For example, one suitable type of stretch-bonded laminate is a spunbonded laminate, such as disclosed in U.S. Pat. No. 4,720,415 to VanderWielen et al., which is incorporated herein in its entirety by reference thereto for all purposes. Another suitable type of stretch-bonded laminate is a continuous filament spunbonded laminate, such as disclosed in U.S. Pat. No. 5,385,775 to Wright, which is incorporated herein in its entirety by reference thereto for all purposes. For instance, Wright discloses a composite elastic material that includes: (1) an anisotropic elastic fibrous web having at least one layer of elastomeric meltblown fibers and at least one layer of elastomeric filaments autogenously bonded to at least a portion of the elastomeric meltblown fibers, and (2) at least one gatherable layer joined at spaced-apart locations to the anisotropic elastic fibrous web so that the gatherable layer is gathered between the spaced-apart locations. The gatherable layer is joined to the elastic fibrous web when the elastic web is in a stretched condition so that when the elastic web relaxes, the gatherable layer gathers between the spaced-apart bonding locations. Other composite elastic materials are described and disclosed in U.S. Pat. No. 4,789,699 to Kieffer et al., U.S. Pat. No. 4,781,966 to Taylor, U.S. Pat. No. 4,657,802 to Morman, and U.S. Pat. No. 4,655,760 to Morman et al., all of which are incorporated herein in their entirety by reference thereto for all purposes.

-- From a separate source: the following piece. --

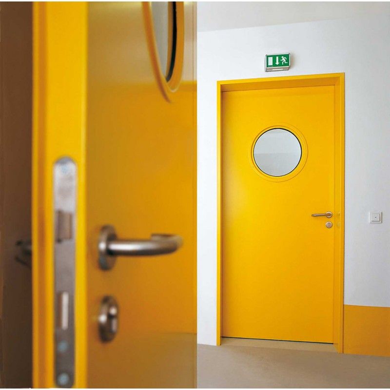 Противопожарная алюминиевая дверь со стеклом желтого цвета в Подольске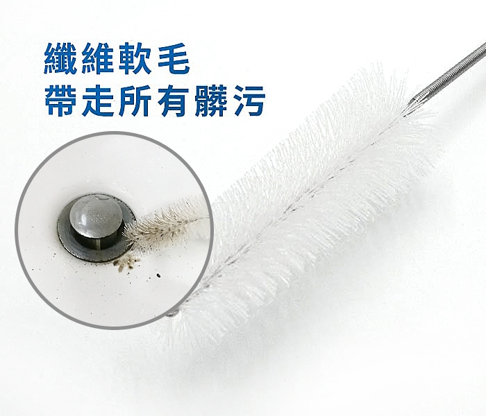 ◎堅韌刷毛,更徹底刷洗水管中的髒污

In one embodiment, the elastic laminate can also be a necked stretch bonded laminate. As used herein, a necked stretch bonded laminate is defined as a laminate made from the combination of a neck-bonded laminate and a stretch-bonded laminate. Examples of necked stretch bonded laminates are disclosed in U.S. Pat. Nos. 5,114,781 and 5,116,662, which are both incorporated herein in their entirety by reference thereto for all purposes. Of particular advantage, a necked stretch bonded laminate can be stretchable in both the machine and cross-machine directions.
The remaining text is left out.